→ What you should do
Repeat every entry word for word, skipping the pictures.

(Collected data)
+ + + + + + +

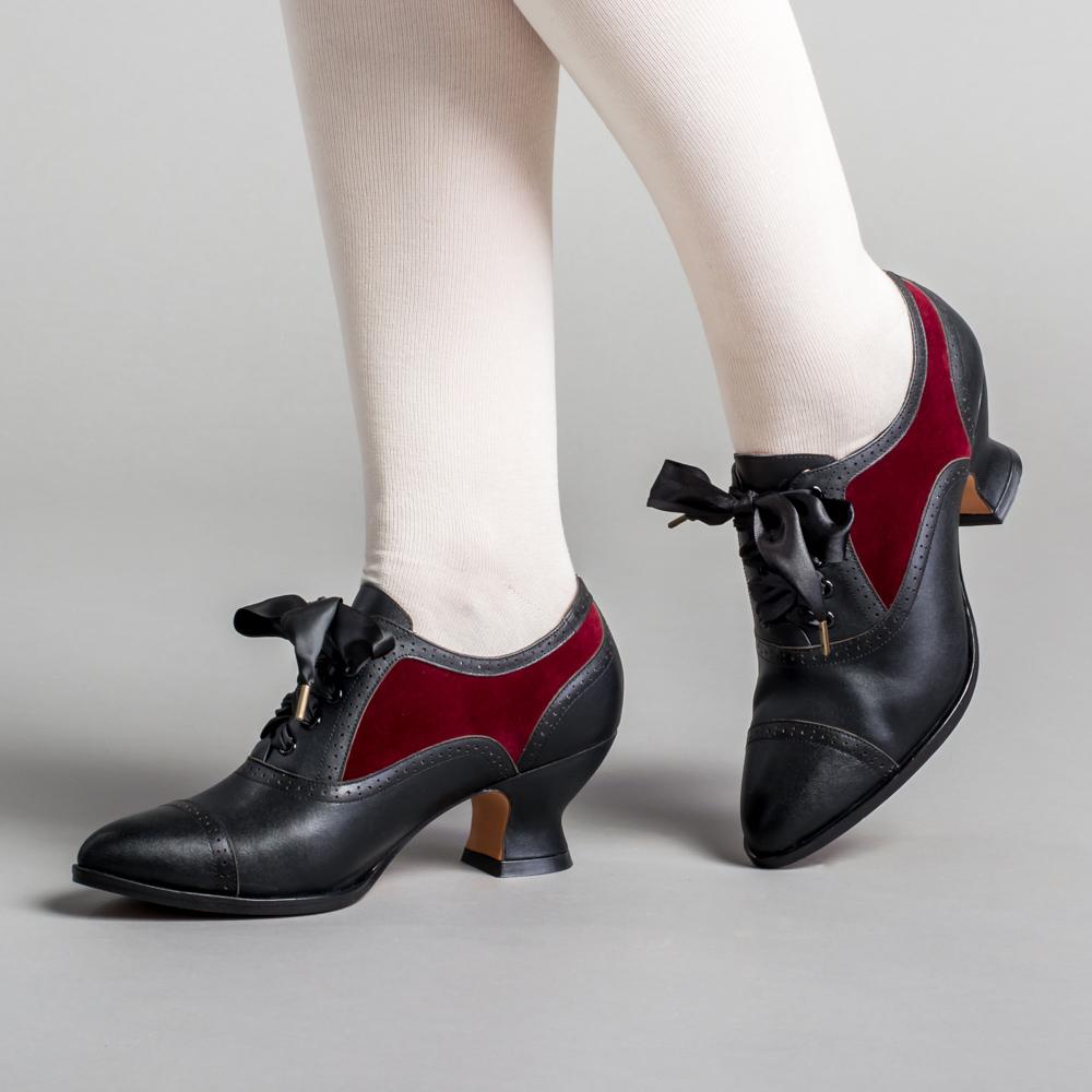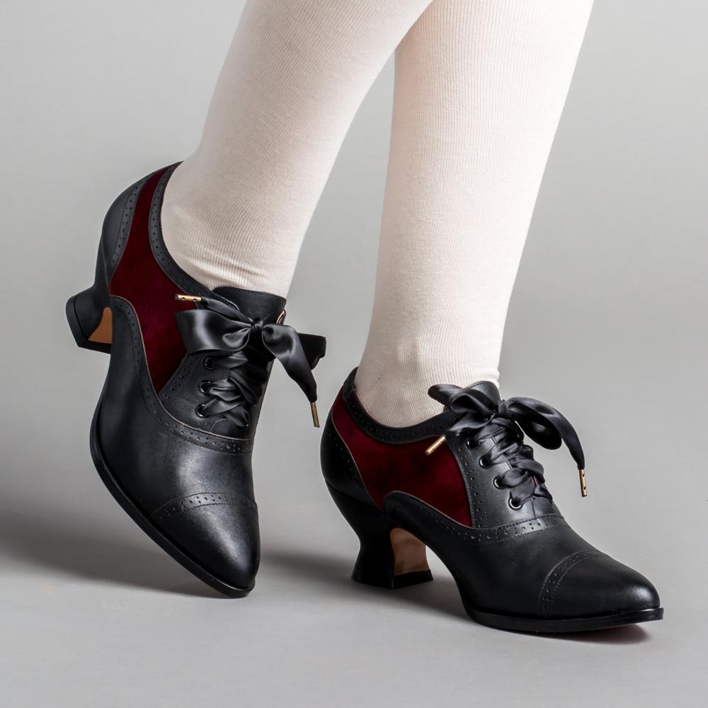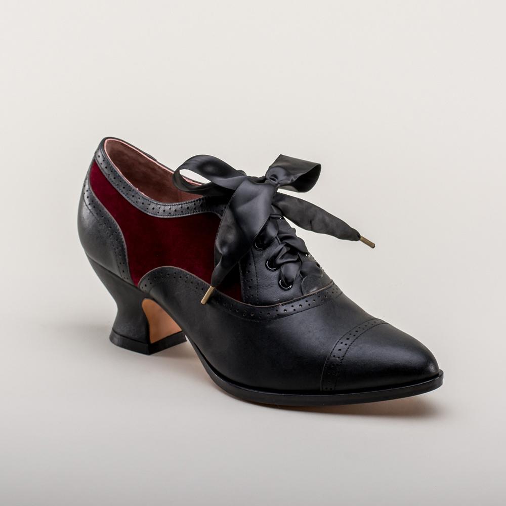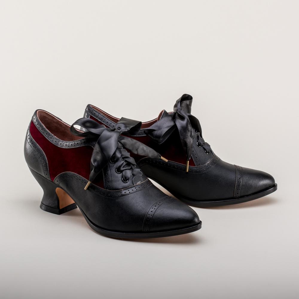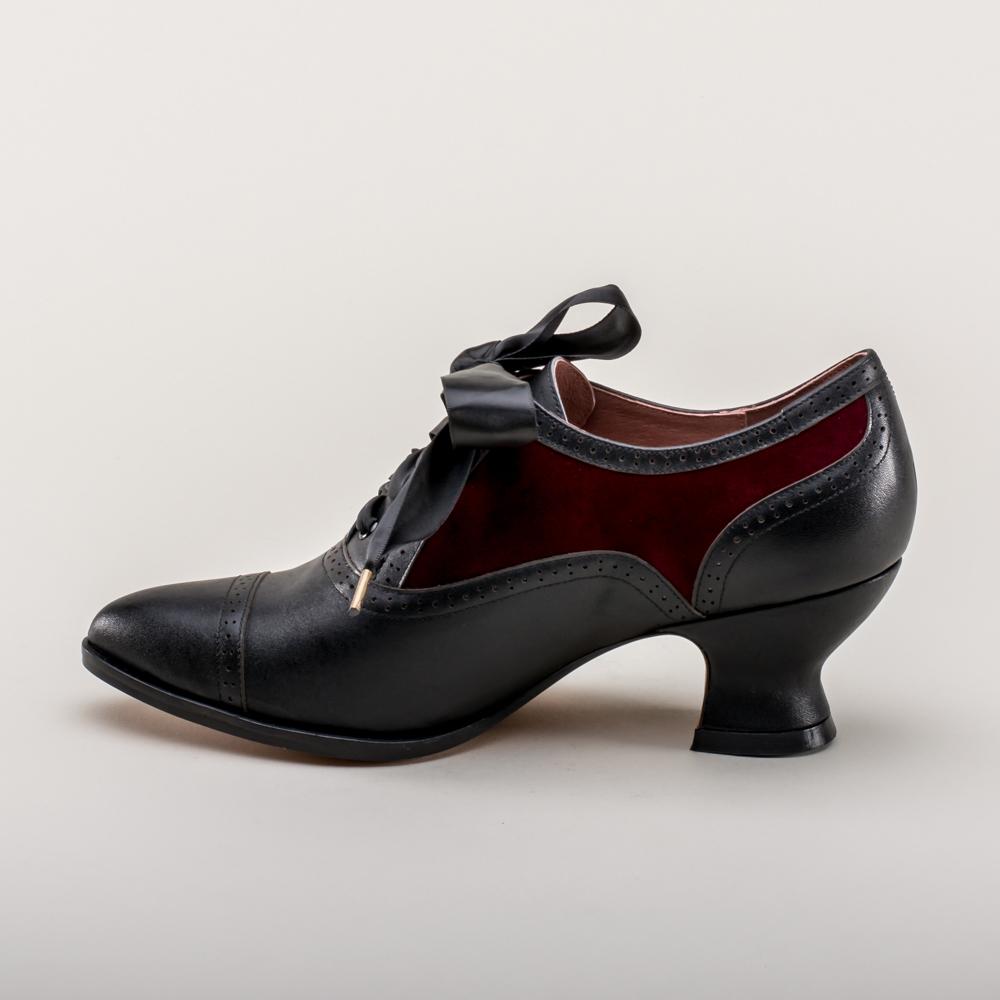 Lucille Edwardian Oxfords (Black/Burgundy)
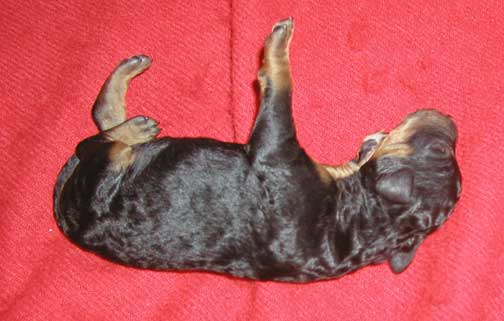 Our tails are docked and due claws done now. Tes/Dani waits until we're doing well with some ounces gained...usually 2-3 days old they get done. Our bones start to get harder each hour and day that goes by...when done early there is VERY little pain initially...each day that goes by, Tes can tell with the different litters at different days as we cry more at 3 days then those at 2 days...1 day is done if of good weight and it's just the way it has to be to get into a placement at the vet's.
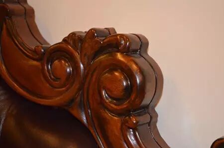 美式家具在轮廓和造型上源于欧式家具,然而在雕刻上美式家具遵循简约原则,只在腿足、柱子、顶冠等处雕花点缀,不会有大面积的雕刻和过分的装饰,使用起来更舒适。可以说是更讲究格调、欣赏和舒适性的继承。一些劣质的欧式古典风格家具,造型款式上显得很僵化,特别是表现古典的一些典型细节如弧形或者涡状装饰等,都显得拙劣。我们可以看到圣涛阁家具的花纹雕刻细腻生动,与机械的雕刻完全不同。
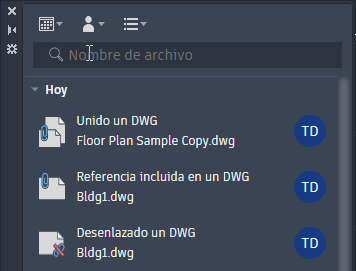 La información de actividad puede incluir el momento en que un archivo DWG se ha enlazado como una refX o se ha desenlazado y cuándo se ha unido la refX.
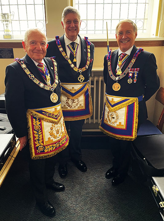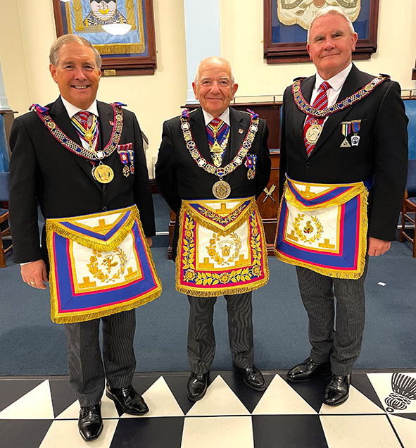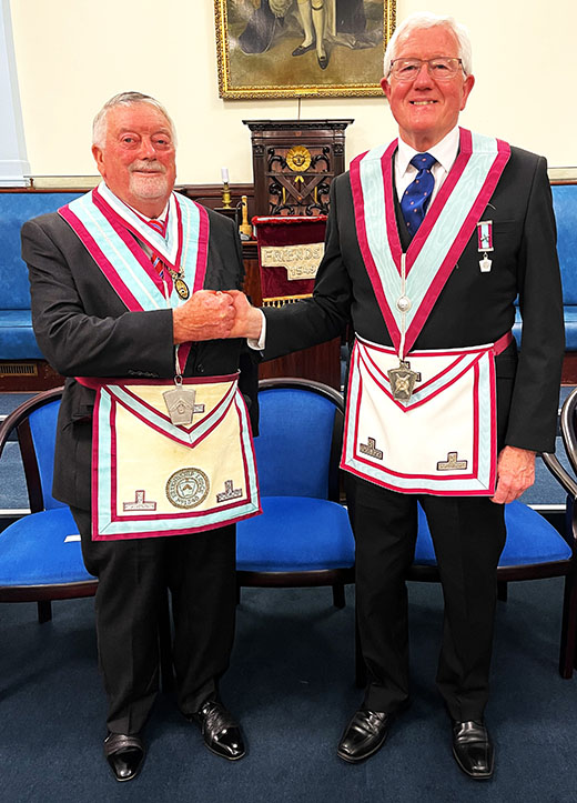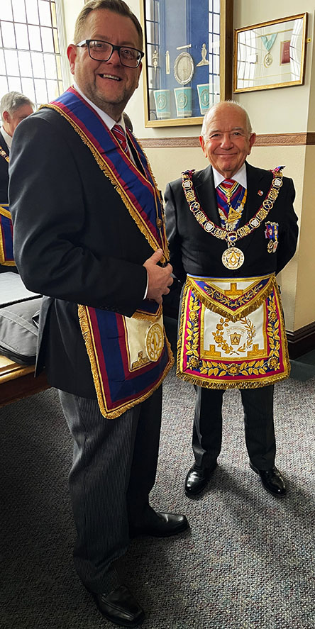 The meeting started on time and once several housekeeping items had been dealt the PGM entered accompanied by Acting Grand and Provincial Grand Officers, to be welcomed by the WM on behalf of all present, he was offered the Gavel which Keith said that on this occasion he would accept it for a short period so as to introduce the members of the team. | |
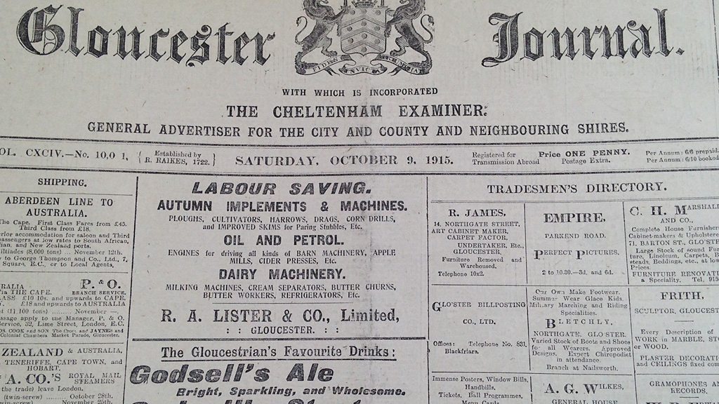 Reporting the war was heavily censored as the government controlled the flow of information from the front line. Apart from letters from soldiers written home to loved ones, newspapers were the main source of communication. Public radio broadcasts did not start until 1922. With the British ‘stiff upper lip’ and War Office’s tight regulation of the press, most war stories did not even make the front page of local newspapers. Jenny Eastwood, editor of the Gloucester Citizen Newspaper and Chris Chatterton, director of the Soldiers of Gloucestershire Museum, have been in the Gloucestershire Archives turning the pages of various Gloucestershire newspapers from 1914 to 1918. Chris has been comparing the accounts written in the Battalion War Diaries with the newspapers reports, and Jenny has cast her journalistic judgement over those 100-year-old newspapers. One notable feature of the newspapers is the dominance of advertising on the front pages. This is where we expect to see today’s main news stories, but a century ago the news of the soldiers on the front line was often saved for the back page. Not only was the information buried on latter pages, it often omitted vital facts. Chris and Jenny explore the Battle of Loos – a major offensive in September 1915. The 10th Battalion, The Gloucestershire Regiment described in the official war diaries of difficult, wet conditions in the trenches moving heavy cylinders of poisonous gas to the front line at night. When this key battle was reported in the Gloucester Journal October 1915 there was no mention of the use of poisonous gas. The attempt had been unsuccessful with an unfavourable wind meaning the gas settling back in the British trenches, gassing many of the troops. Censorship of the press held back the information about how unsuccessful the poisonous gas had been and no doubt the government did not want to draw attention to its use, as only months before the German Army had been severely criticised for using such means of attack. Presented by Jenny Eastwood, Editor of the Gloucester Citizen Newspaper and Chris Chatterton, Museum Director of the Soldiers of Gloucestershire Museum. Location: Gloucestershire Archives, Gloucester GL1 3DW
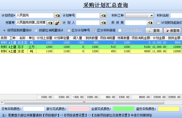 如何在金石工程項目管理軟件中查看材料的“計劃上報量”、“計劃審定量”、“調入量”、“到貨數量、項目消耗量”、“預算數量”
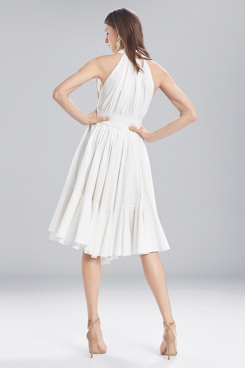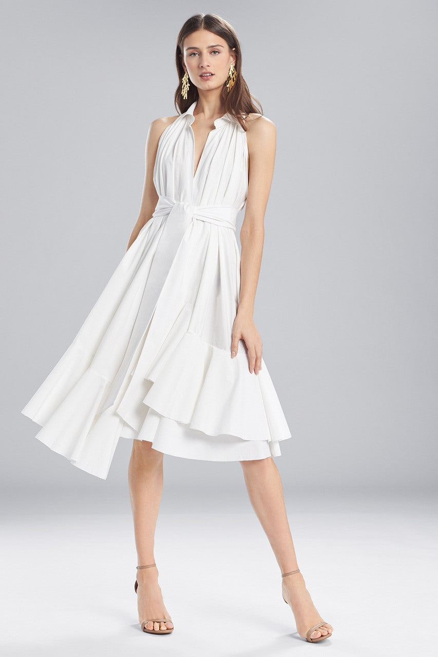 Our flouncy halter dress ties around the waist to emphasize its feminine silhouette while the collared neckline keeps it classy and sophisticated for a day at work
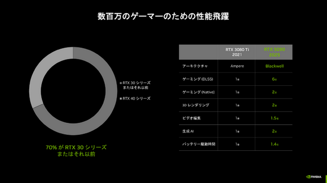 そして、現在シェアの70%がRTX30シリーズ以前のものを使用している現状を踏まえ、RTX3080 TiとRTX5090の比較も公開されます。DLSSを使用したスペック面では、なんと6倍の性能を発揮するとのこと! 3Dレンダリングでは2倍、バッテリー駆動時間では1.4倍と、“性能が上がったから消費電力が上がる”わけではなく、総合的に進化していることが改めて説明されました。
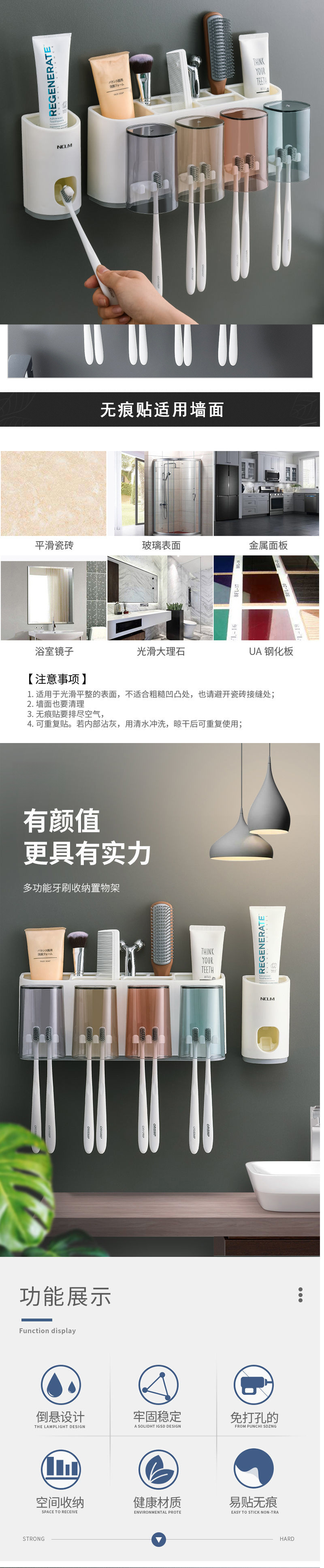 칫솔 홀더 세트 펀치 프리 흡입 벽형 치약 짜기 아티팩트 브러쉬 컵 입 세척 컵 치아

+ + + + + + +

→ Answer box
 Lucille Edwardian Oxfords (Black/Burgundy)
 Our tails are docked and due claws done now. Tes/Dani waits until we're doing well with some ounces gained...usually 2-3 days old they get done. Our bones start to get harder each hour and day that goes by...when done early there is VERY little pain initially...each day that goes by, Tes can tell with the different litters at different days as we cry more at 3 days then those at 2 days...1 day is done if of good weight and it's just the way it has to be to get into a placement at the vet's.
 美式家具在轮廓和造型上源于欧式家具,然而在雕刻上美式家具遵循简约原则,只在腿足、柱子、顶冠等处雕花点缀,不会有大面积的雕刻和过分的装饰,使用起来更舒适。可以说是更讲究格调、欣赏和舒适性的继承。一些劣质的欧式古典风格家具,造型款式上显得很僵化,特别是表现古典的一些典型细节如弧形或者涡状装饰等,都显得拙劣。我们可以看到圣涛阁家具的花纹雕刻细腻生动,与机械的雕刻完全不同。
 La información de actividad puede incluir el momento en que un archivo DWG se ha enlazado como una refX o se ha desenlazado y cuándo se ha unido la refX.
 The meeting started on time and once several housekeeping items had been dealt the PGM entered accompanied by Acting Grand and Provincial Grand Officers, to be welcomed by the WM on behalf of all present, he was offered the Gavel which Keith said that on this occasion he would accept it for a short period so as to introduce the members of the team. | |
 Reporting the war was heavily censored as the government controlled the flow of information from the front line. Apart from letters from soldiers written home to loved ones, newspapers were the main source of communication. Public radio broadcasts did not start until 1922. With the British ‘stiff upper lip’ and War Office’s tight regulation of the press, most war stories did not even make the front page of local newspapers. Jenny Eastwood, editor of the Gloucester Citizen Newspaper and Chris Chatterton, director of the Soldiers of Gloucestershire Museum, have been in the Gloucestershire Archives turning the pages of various Gloucestershire newspapers from 1914 to 1918. Chris has been comparing the accounts written in the Battalion War Diaries with the newspapers reports, and Jenny has cast her journalistic judgement over those 100-year-old newspapers. One notable feature of the newspapers is the dominance of advertising on the front pages. This is where we expect to see today’s main news stories, but a century ago the news of the soldiers on the front line was often saved for the back page. Not only was the information buried on latter pages, it often omitted vital facts. Chris and Jenny explore the Battle of Loos – a major offensive in September 1915. The 10th Battalion, The Gloucestershire Regiment described in the official war diaries of difficult, wet conditions in the trenches moving heavy cylinders of poisonous gas to the front line at night. When this key battle was reported in the Gloucester Journal October 1915 there was no mention of the use of poisonous gas. The attempt had been unsuccessful with an unfavourable wind meaning the gas settling back in the British trenches, gassing many of the troops. Censorship of the press held back the information about how unsuccessful the poisonous gas had been and no doubt the government did not want to draw attention to its use, as only months before the German Army had been severely criticised for using such means of attack. Presented by Jenny Eastwood, Editor of the Gloucester Citizen Newspaper and Chris Chatterton, Museum Director of the Soldiers of Gloucestershire Museum. Location: Gloucestershire Archives, Gloucester GL1 3DW
 如何在金石工程項目管理軟件中查看材料的“計劃上報量”、“計劃審定量”、“調入量”、“到貨數量、項目消耗量”、“預算數量”
 Our flouncy halter dress ties around the waist to emphasize its feminine silhouette while the collared neckline keeps it classy and sophisticated for a day at work
 そして、現在シェアの70%がRTX30シリーズ以前のものを使用している現状を踏まえ、RTX3080 TiとRTX5090の比較も公開されます。DLSSを使用したスペック面では、なんと6倍の性能を発揮するとのこと! 3Dレンダリングでは2倍、バッテリー駆動時間では1.4倍と、“性能が上がったから消費電力が上がる”わけではなく、総合的に進化していることが改めて説明されました。
 칫솔 홀더 세트 펀치 프리 흡입 벽형 치약 짜기 아티팩트 브러쉬 컵 입 세척 컵 치아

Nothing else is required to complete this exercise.